The Senate, in Byrd’s view, had long “provided stability and strength to the nation during periods of civil strife and uncertainty, panics, and depressions.” The attack on Capitol Hill is a perfect test for this idea. Here we had a president who had spent two months in vain and futile attempts to overturn the results of a free and fair election that he lost. At every turn, he had failed. And so he summoned his followers to Washington, told them that the country was in peril and that they had to fight for it, and directed them to march on the Capitol, where he would join them. He did not and retreated instead to the White House, where he would resist efforts to help the besieged lawmakers when the rioters broke down the doors.
Three weeks later, the Senate has indeed cooled down, as Washington predicted—but only on providing accountability for Trump’s role in inciting an insurrection against the Senate. Republican senators are now claiming that an impeachment trial would be too vindictive or too dangerous.
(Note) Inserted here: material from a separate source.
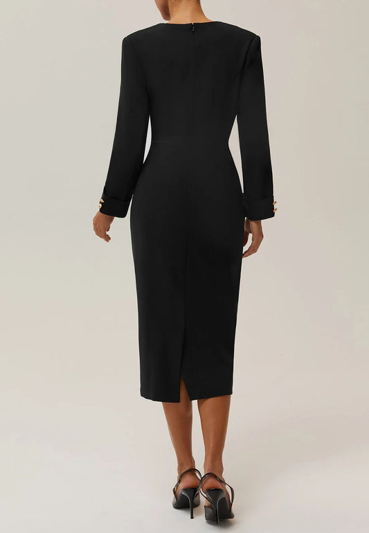 Black Buckle V Neck Long Sleeve Sheath Midi Blazer Dress

Some argue that it would be unconstitutional to convict Trump now that he’s out of office, even though the Constitution says no such thing and most legal scholars disagree with this view. Indeed, if these naysayers were correct, then the Senate’s power to disqualify impeached officials from office would be meaningless—an impeached official could simply resign right before the vote.
I bring this up not because I particularly enjoy criticizing the Senate or those elected to it, but because it’s worth thinking about ways to make the chamber better—or, at the very least, less terrible. Filibuster reform isn’t vital just because it might help President Joe Biden pass some of his agenda, but because it makes Congress more responsive to the democratic process than to a hyperpolarized minority faction. Debating deeper reforms for the Senate isn’t important because constitutional amendments are possible anytime soon, but because Americans deserve a debate about the long-term health of their institutions. All the arguments for preserving the Senate in its current form are about to be disproven—not by the Senate’s many critics, but by the timidity of its current members.